線が引いてあるのは、井伏鱒二や池田弥三郎、戸板康二、安東次男、白川静、徳川夢声、子母澤寛、石川順‥‥といった作家の本のところで、実際に自分が読んだ本に線を引いているのか、これから読もうとしている本に線を引いているのか、わからないけれど、「今年の秋」を気に入った人が、ほかにどんな本を読んでいるのか分かるような気がして、個人的にはおもしろい。もっとも「今年の秋」があんまり気に入らなくて、だからこの本に線を引いた、とも考えられるわけですが‥‥。古本屋としてはかなりへこむんですけど‥‥。
父親の死を見送る「今年の春」、母の死の有様を書いた「今年の初夏」、そして二歳違いの弟の死を描いた表題の「今年の秋」と続き、最後には、「若し私の死ぬ時が来たら、誰かが「今年の冬」としてその光景を書くだらうか、と予想しながら、故郷の家を出た」という言葉で閉じられる、晩年の心境を描いた一連の作品が、やはり味わい深い。

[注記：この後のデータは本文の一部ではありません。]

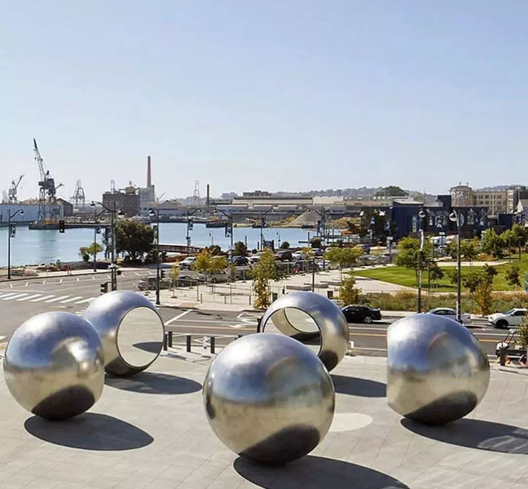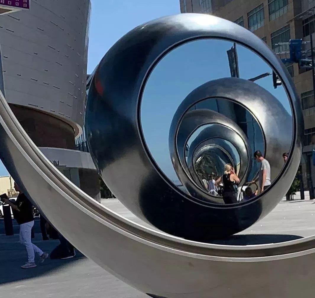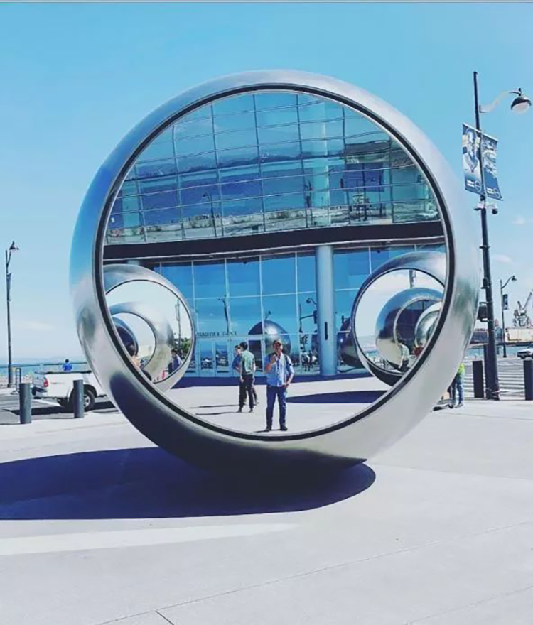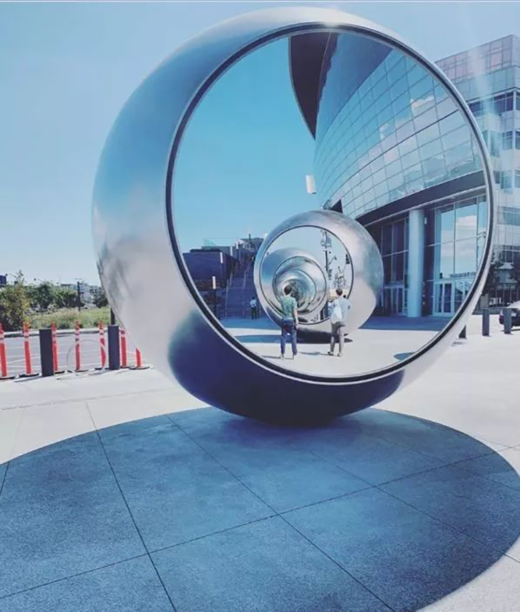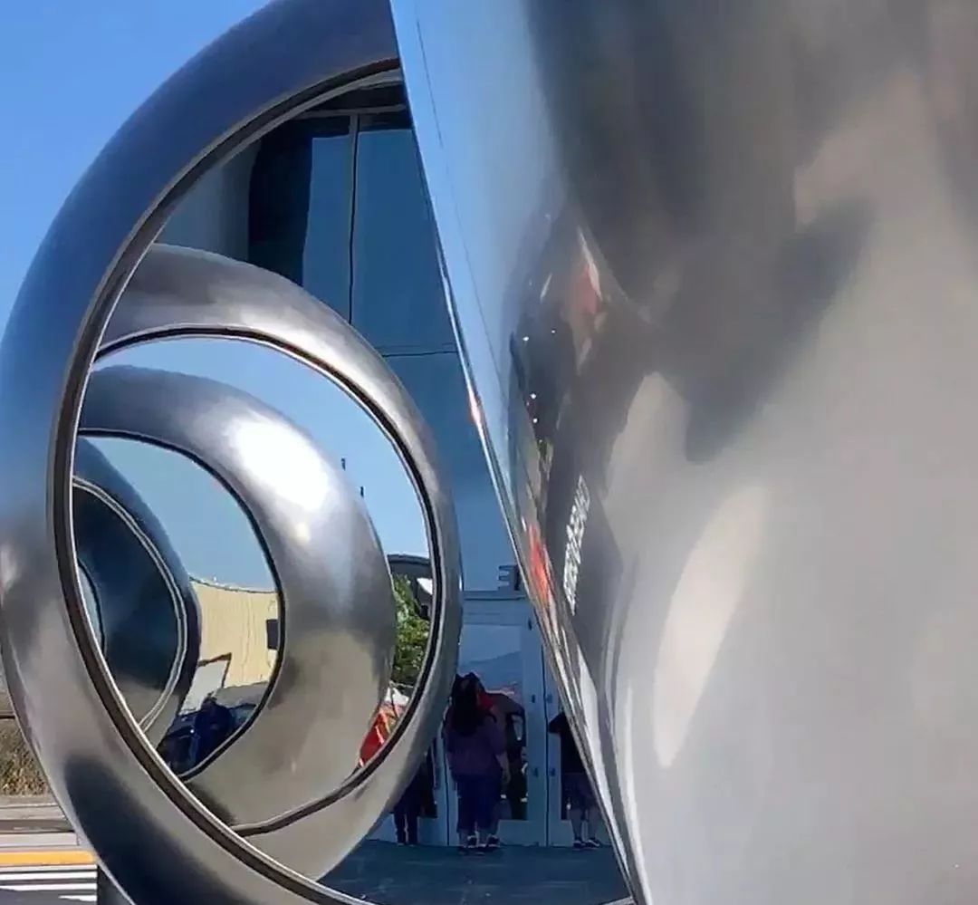 Seeing Spheres由5個(gè)高度為15.5英尺、液壓成形的拋光鋼制球體組成,圍繞著一個(gè)中央空間形成一個(gè)大圓。每個(gè)球體都嵌入了一個(gè)扁平的圓形鏡面,并以LED燈環(huán)作為邊框,將周圍其他球體中的鏡像反射出來,從而共同形成了一種出人意料的多層次的反射空間。相同的人和場(chǎng)景通過各種意想不到的角度一次又一次地出現(xiàn),隧道狀的畫面在經(jīng)過無數(shù)次重復(fù)之后最終消失在鏡子的深處。

ほかの作品は、「小説とか随筆とか評論とかの区別を考慮しないで書くような気持ちになっている。その時々の見聞や感想を、文飾を施さず、心の浮かぶままに記しているのである」と、あとがきに書かれているように、肩の力の抜けたものが多い。実を言えば、本屋さんでこのあとがきを読んで、正宗白鳥の本を読んでみようと思ったのだった。